Nov 14, 2017 | 3:15 PM

Russia said Tuesday it is talking to the United States about renewing the mandate of experts working to determine who was responsible for chemical weapons attacks in Syria, but the U.S. says Moscow won’t consider the American draft resolution.

Russia, which is Syria’s most important ally, has submitted a rival draft resolution on renewing the experts’ mandate to the Security Council.

With two days left before Thursday’s expiration of the mandate for the Joint Investigative Mechanism, known as the JIM, Russian Ambassador Vassily Nebenzia told The Associated Press that “we are engaging with them. … We don’t know whether we can come to an agreement.”

A spokesperson for the U.S. Mission to the United Nations said late Monday that “Russia is mouthing words of support for JIM renewal, but those words are not backed up by any actions.”

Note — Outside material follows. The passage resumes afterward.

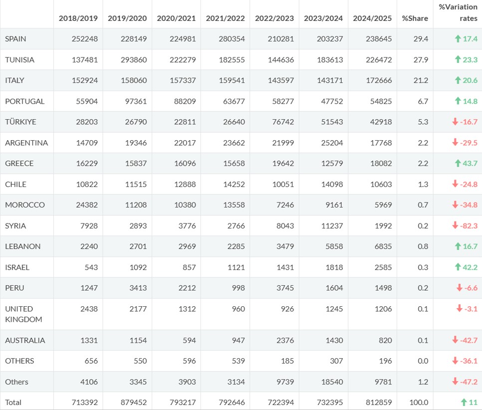 Table 5. Table olive imports by partner country (Crop years 2019/2020 – 2024/2025; September 2024 – August 2025) (t).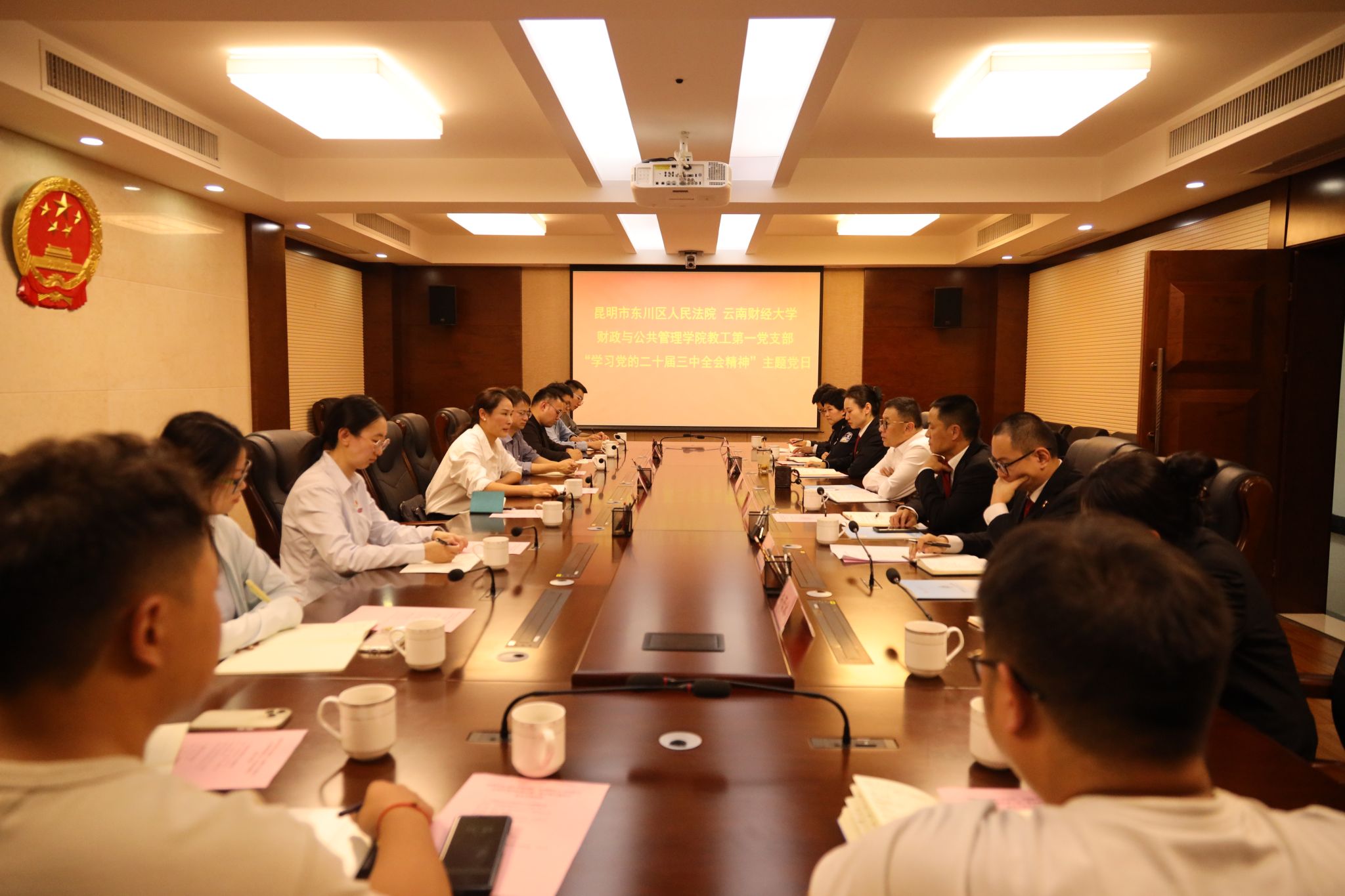 10月24日,师生党员与东川区人民法院联合开展了“学习党的二十届三中全会精神”主题党日活动。东川区人民法院党组书记、院长王勇,党组成员、政治部主任李习宾,综合办公室负责人方媛及青工委干警代表参加活动。座谈会上,王勇介绍了东川区人民法院基本情况及“五铜”支部党建品牌,分享了汤丹人民法庭创建“枫桥式人民法庭”的做法及成效。王晓芬介绍学院办学情况、党建工作体系等,她表示,希望以此次党建共建活动为契机,双方增进了解与联系,加强在科研项目、人才培养等方面的合作。双方围绕党建引领、法治建设等方面进行深入交流研讨。

“Russia has refused to engage on our draft resolution — which the vast majority of council members agree is the most viable text — in spite of our multiple attempts to consider Russian concerns,” said the spokesperson, who wasn’t authorized to be quoted by name. “The draft text Russia put forward without any negotiation is unhelpful, has no support, and cannot be taken seriously.”

Russia vetoed a U.S.-sponsored Security Council resolution on Oct. 24 that would have renewed the mandate of the experts from the U.N. and the Organization for the Prohibition of Chemical Weapons. Nebenzia said at the time that Moscow wanted to see a JIM report on attacks, which was issued two days later.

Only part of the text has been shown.